Married to Mary (died 1989), one son Iain survives him.


WHEN we call Jim Petty a radical northern anarchist we haven't even begun to describe his nature as a man and human being.  Radical anarchism and decency grew in his soul as  remarkable human being.  His early interest in politics was in the Labour Party but he never voted Labour after the 1970s.  Later he joined the Independent Labour Party (ILP), and was active as a shop steward in both textiles, where he worked as a stripper and grinder, and later at Lucas in engineering.  Jim Petty was on the industrial committee of Committee of 100 from 1960 to 1961, where he came in contact with the anarcho-syndicalists of the Syndicalist Workers Federation (SWF) - at the time the journalist Ken Hawkes was its national secretary.   
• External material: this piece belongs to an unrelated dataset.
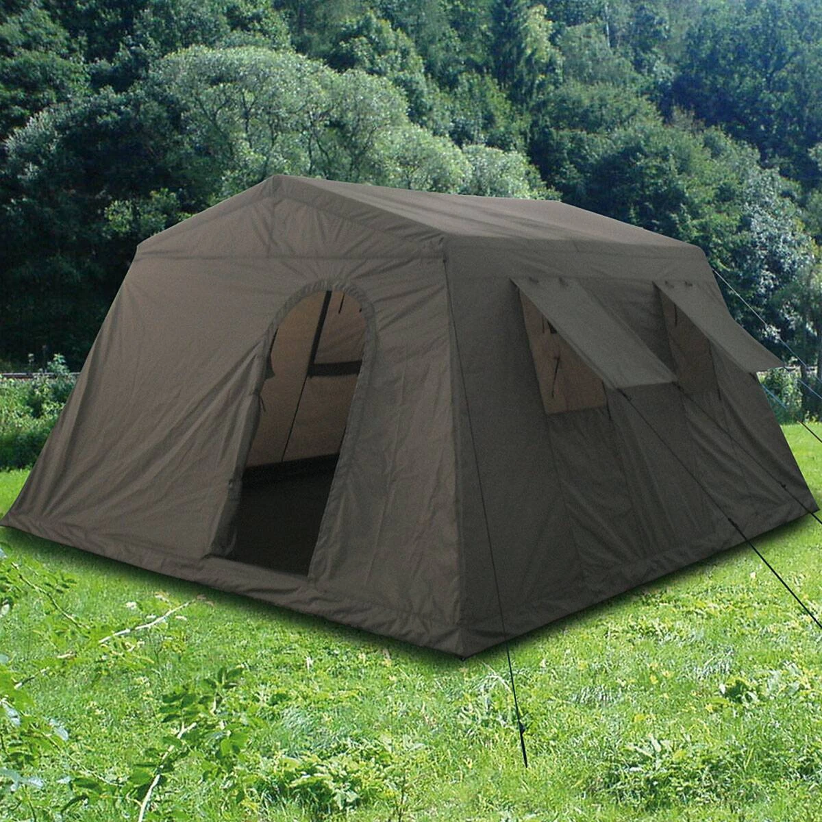 Das Großzelt 3,4 × 3,1 m oliv ist als vielseitiges Sechs-Personen-Grppenzelt konzipiert. Auf 10,5 m² rechteckiger Grundfläche bietet es 1,80 m Stehhöhe – ideal, um sich bequem umzuziehen oder eine Feldküche einzurichten. Zwei gegenüberliegende Eingänge erleichtern den Zugang, während vier aufrollbare Fenster mit integrierten Moskitonetzen und eine Öffnung im Dach für dauerhaften Luftaustausch ohne Insekten sorgen. Plane und Boden bestehen aus wasserabweisendem, reißfestem Gewebe; getapte Nähte halten Feuchtigkeit draußen. Ein pulverbeschichtetes Stahlrohrgestänge und umlaufende Abspannpunkte verleihen dem Zelt sichere Standfestigkeit bei Wind und Wetter.

In the 1960s, Sydney Silverman was the radical socialist MP for the nearby Nelson and Colne constituency.  Silverman was instrumental in pushing a law through parliament to abolish capital punishment later in that decade.  Consequently the local ILP in Burnley, Nelson and Colne was perhaps closer to the Labour Party at that time than other branches elsewhere in the country. 

The early 1960s was also a time when the ILP nationally; Brian Behan's Workers Party; Solidarity; some of the Freedom anarchists like Peter Turner, Jack and Mary Stevenson; Commonwealth and the Syndicalist Workers' Federation  formed the National Rank & File Workers' Movement.  The Rank & File Workers' Movement existed for little more than two years and attracted the attention of the Sunday Telegraph columnist Perigrine Worsthorne, but the success of the direct action peace movement protests around the Committee of 100 distracted most activists away from industrial Rank & File activism.  At the time of the Spies for Peace campaign exposing the Regional Seats of Government in 1963, the Burnley activists around Jim helped to reproduce the state secrets that the spies had made available on that year's CND March, and the Times of London ran a headline:  'Anarchists Take Over'.

Jim Petty, although he was involved in the campaigns of the peace movement, was very much a working-class anarchist all his life.  While he was in textiles he clashed with the then regional officer of the National Union of Textile & Allied Worker's Union (NUTAWU), Joe King, based in Accrington.  Sections of the NUTAWU, which was the spinner's and the strippers and grinder's trade union, had no proper shop stewards to represent them and the officials tended to be close to the bosses.  Later, when he working in engineering at Lucas Aerospace in Burnley, Jim was a member of the Transport & General Worker's Union, and about that time he was secretary of  Burnley Trade Union Council. 

He married Mary, a secondary school teacher in the Burnley area, she supported the Labour Party.  When Mary died he had friendships with Susan & Jenny, both who were at one time involved with Burnley anarchists. 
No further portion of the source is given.